Graphic work is different from fine art. I expect to be treated a bit roughly. Book jackets get shopworn and tattered; posters get bent, torn, put up on a wall with thumbtacks, and after a while become faded and flyspecked and dirty. My inclination is to work with this reality rather than pretend it isn't there. Things that don't have to be perfect to look good, look good longer. Think of my work as a pair of blue jeans. They're meant for everyday use. If they get dirty it's okay; the dirt probably won't show anyhow. As they fade or get frayed or torn, they might even look better than when they were new. The older they get, the more comfortable they get. Of course, you can't wear blue jeans to the opera, but I'll let somebody else design evening wear.
David Lance Goines
July 25, 1994
Each of the small poster images shown below is a clickable link to a larger version of the same poster. The large images average about 50 kilobytes each. At a modem speed of 14.4 kbs, the large images will download in about 40 seconds.
DER BLAUE ENGEL: First printing, 190 copies, 25 are signed.
1972
Four colors
16-3/4" x 24"
The theme is light and heavy. Here Emil Jannings' egg is balanced precariously on Marlene Deitrich's unforgiving anvil.
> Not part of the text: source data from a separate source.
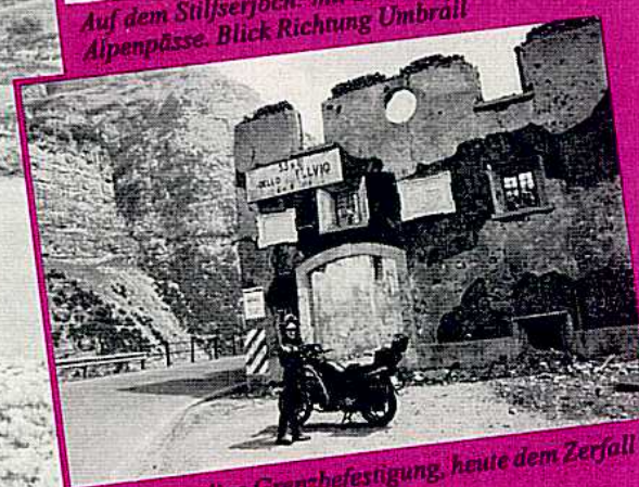
Eine ehemalige Grenzbefestigung, heute dem Zerfall preisgegeben
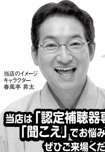
当店のイメージキャラクター 春風亭 昇太
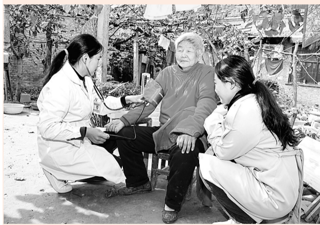
10月21日，民权县人和镇卫生院的签约医生在贫困户家入户随访。家庭医生携带着听诊器、血压计等医疗设备，为贫困户进行健康检查和用药指导，现场解答疾病咨询，为他们树立了战胜疾病、早日实现脱贫的信心。
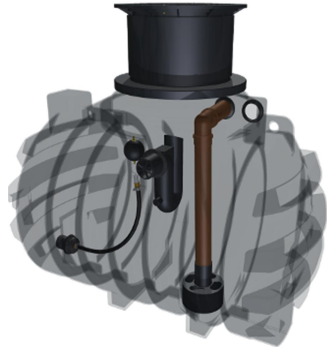
telescopic dome Schiebedom 1:15

for terrain adjustment tilt up to 5° horizontally 5° 5° im ausgezogenen Zustand zur Geländeanpassung bis 5° waagrecht neigen
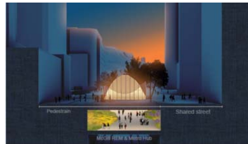
Section A - Scale 1:250
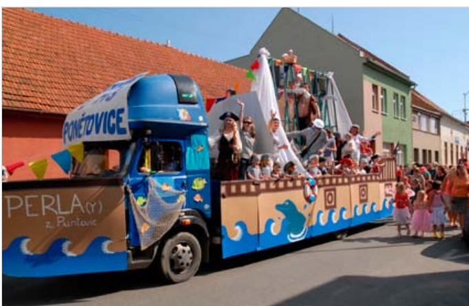
Karneval, 23. 6. 2012
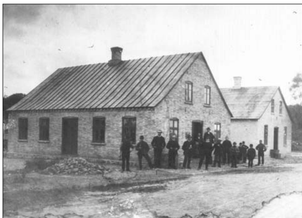
Den nybyggede Øster Hornum Brugsforening
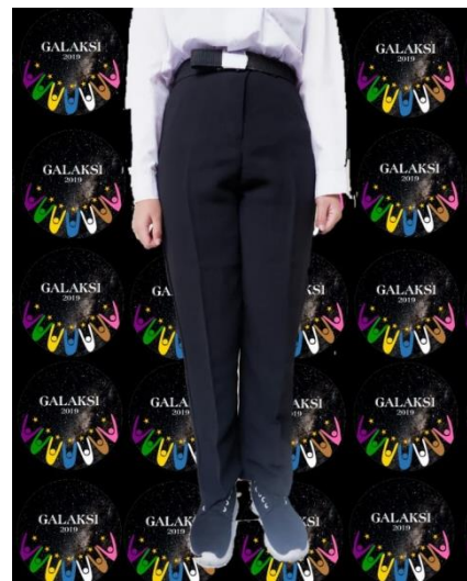
Contoh baju dan celana Peserta PKKMB Laki-laki
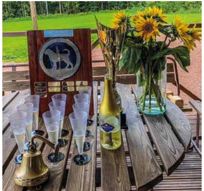
Kellot tulivat Kymenlaaksoon! Laivakelloa ja tsempparikelloa juhlittiin Kotkassa alaosastolaisten kanssa tottiskentällä.
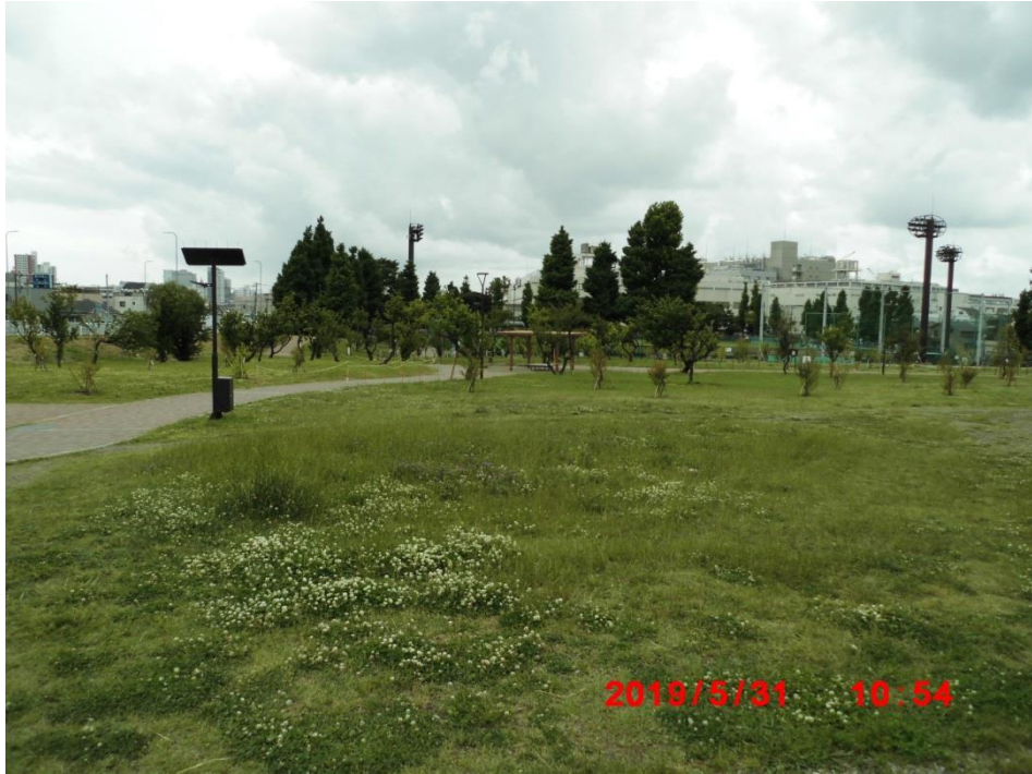
御幸公園。この一帯は過っては梅林があったそうです。
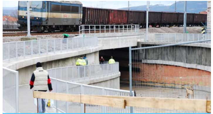
Podjazd na Vlárskej ulici bol pre chodcov daný do užívania v decembri 2015. Cestná komunikácia podjazdu bude uvedená do predčasného užívania v apríli 2016.

Viaceré i niekoľkonásobné omeškania dôvodia komplikovanou situáciou na tomto úseku modernizácie. „Do plnenia zmluvných termínov zasiahli nepredpokladané udalosti, najmä zložitá smerovosť a výškové vedenie inžinierskych sietí. V mnohých prípadoch nekorešpondovali s údajmi, ktoré boli poskytnuté generálnemu projektantovi v čase prípravy dokumentácie, čo spôsobilo nutnosť opätovného zamerania a zisťovania skutočného stavu. V mnohých prípadoch bola zložitá už len samotná identifikácia inžinierskych sietí, rôznych káblov a rúr, objavených pri výkopových
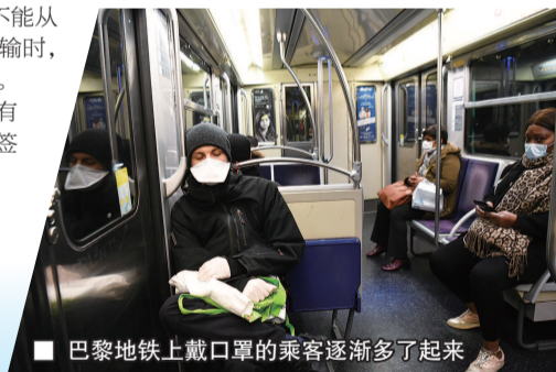
巴黎地铁上戴口罩的乘客逐渐多了起来

政府发言人恩迪亚耶表示,在日常情况下,每个法国人平均每天要与50个人打交道,政府的目标是将这个数字除以10,因此希望法国人尽量待在家里。 来米
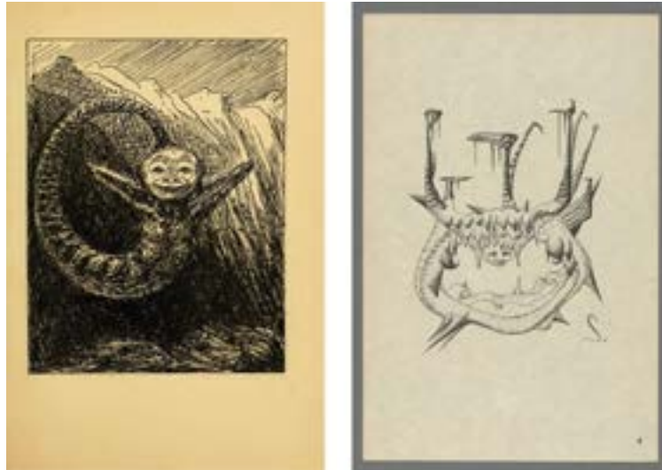
Figure 5 : De Kubin à Scheerbart.

[Le] plus remarquable élément des habitants de cette planète est qu'aucun d'entre eux ne se ressemble : chacun a ses propres membres particuliers, certains plus courts, d'autres plus longs, beaucoup d'entre eux comme des tubes et flexibles comme du caoutchouc, d'autres sous forme de scies, dures comme l'acier et avec beaucoup de dents, tous différents (Scheerbart, 1902 : 70).
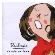
deolinda canção ao lado
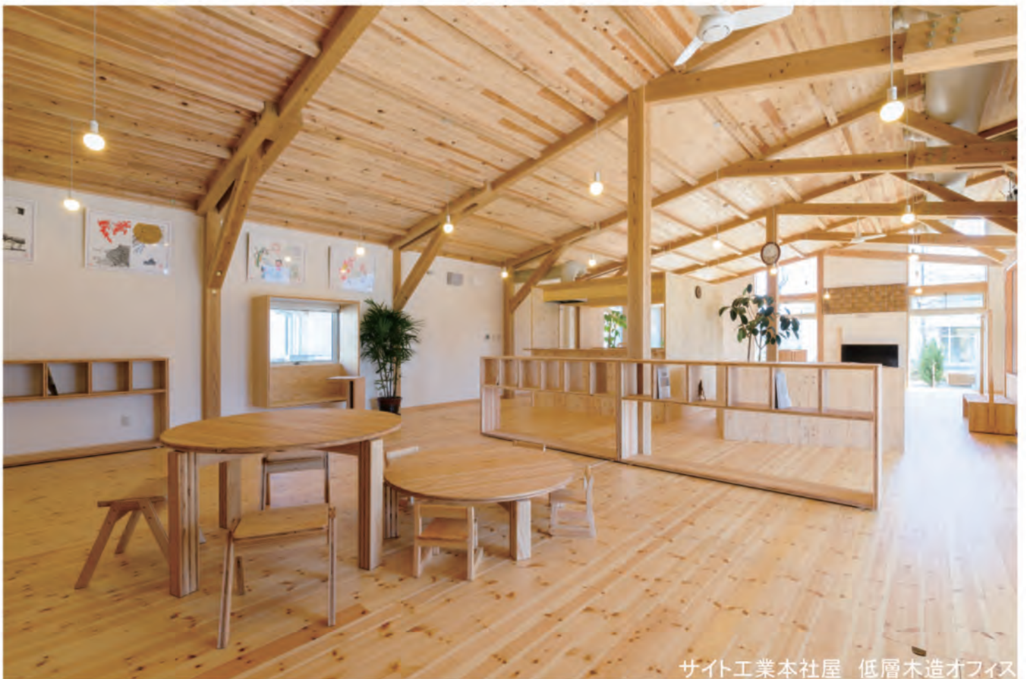
サイト工業本社屋 低層木造オフィス
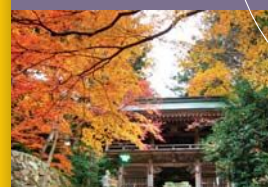
88 大窪寺 Okuboji
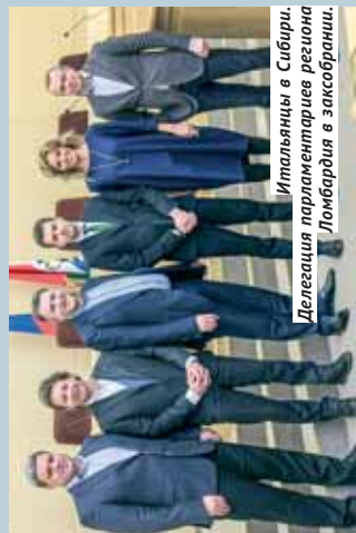
Делегация парламентариев региона Итальянцы в Сибири. Делегация парламентариев региона Ломбардия в Законодательном Собрании.
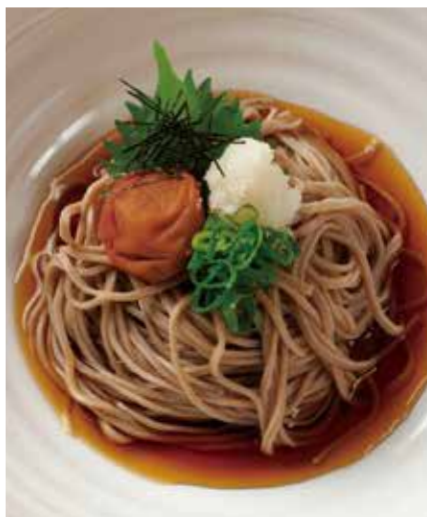
梅おろしのおそば
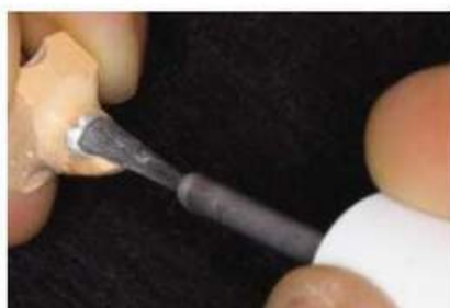
Мал. 446. Нанесення штумпф-лаку на вестибулярну поверхню опорного зуба
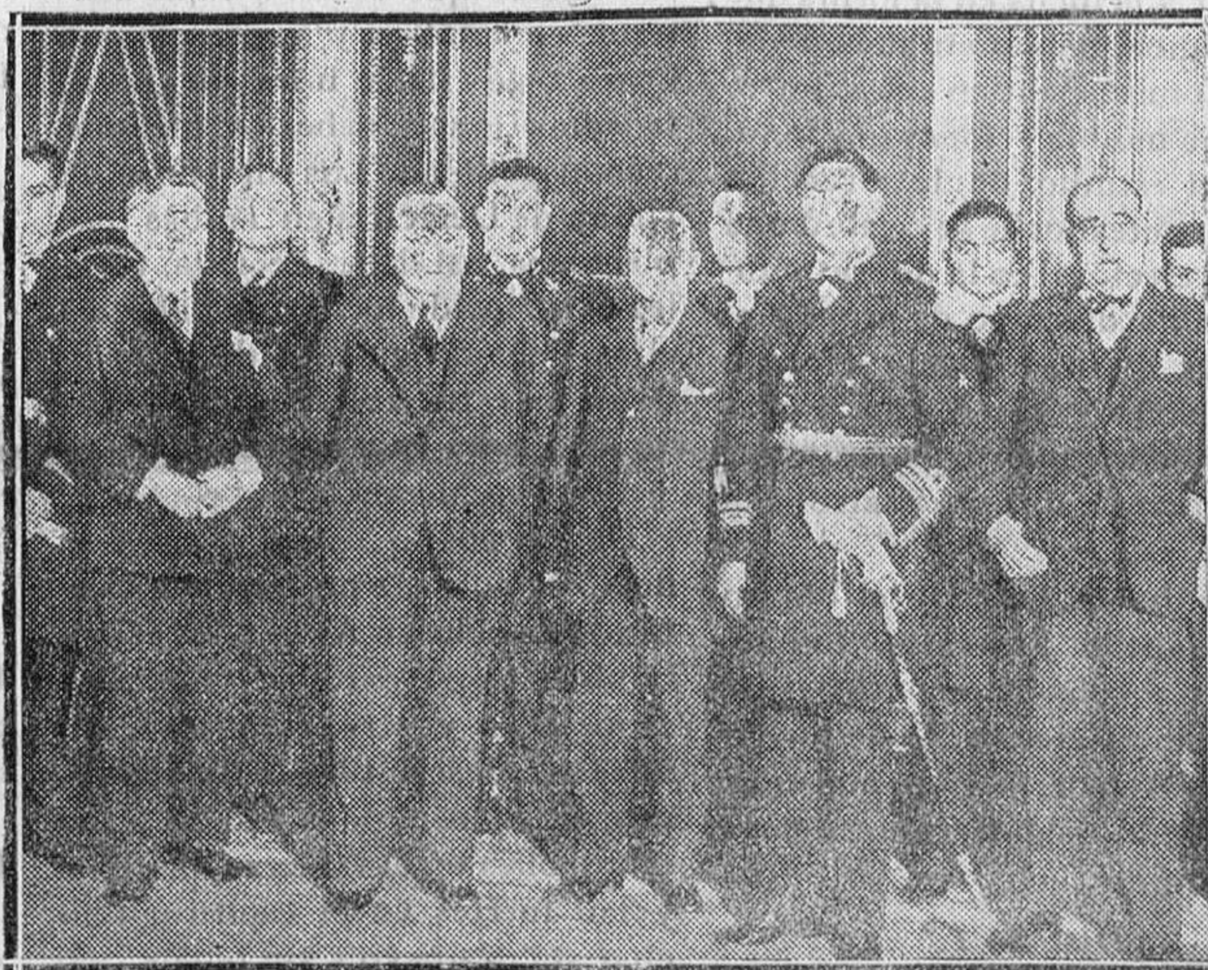
He aquí al ministro de Marina con el embajador de Méjico y la comisión naval mejicana que ha venido a España para tratar con el Gobierno de la construcción de barcos para aquella República en los astilleros españoles

What is going to happen to that egg? Whatever it is, it won't be good for Janning's lacerated spirit, while the innocent catalyst of his destruction will scarcely feel a thing. He brought it on himself, you might say, and there's no fool like an old fool. But if we were each of us punished in proportion to our mistakes, especially those of the heart, there'd be no room to spare in Purgatory. They'd have to cut loose the real bad actors to make space, and even then we'd be stacked like cordwood and spill into the less savory antechambers of Hell. So, when the sober citizen goes schoolboy-lovesick over a nightclub nightingale, runs off the rails and loses everything, reputation, worldly goods, self-esteem and all, consider that naughty Cupid could have done the same for you. And might yet.
If you're going to steal, steal big. If you're going to lie, tell a lie so big that, often enough repeated, it will come to be the truth. Do not pilfer, or tell fibs. You'll just get caught and you'll be sorry afterwards. About the biggest thing you can steal is a man's life. That takes everything he has. It doesn't leave you with much, of course, except his dead flesh. Slavery steals his life also, except that the use of his days becomes the possession, for so long as he hangs on, of another person. The fratricidal war this film celebrates was about stealing, both big and small, and changing the rules about what was stealing and what it wasn't. Compared to stealing lives, and stealing days, stealing a locomotive scarcely seems worth discussion.
I'd done nineteen posters and a lot of other design work and I hadn't signed any of it because I felt that my work was so derivative of the work of others that it would be presumptuous to claim any of it as my own. One day I walked past Dow and Frosini and there was a poster in the window that I really liked. It obviously had been done recently, but it wasn't signed, and so I couldn't find out who had done it. This annoyed me greatly, and as I stood there being annoyed I realized that I was doing the exact same thing myself, and that there were probably plenty of people out there who were annoyed because I wasn't signing my posters. So I started signing them. I liked the pattern of four squares arranged into a larger square, and had used that as a sort of signature before, so when I designed a signature I kept that basic idea and made it a square. This movie always makes me cry.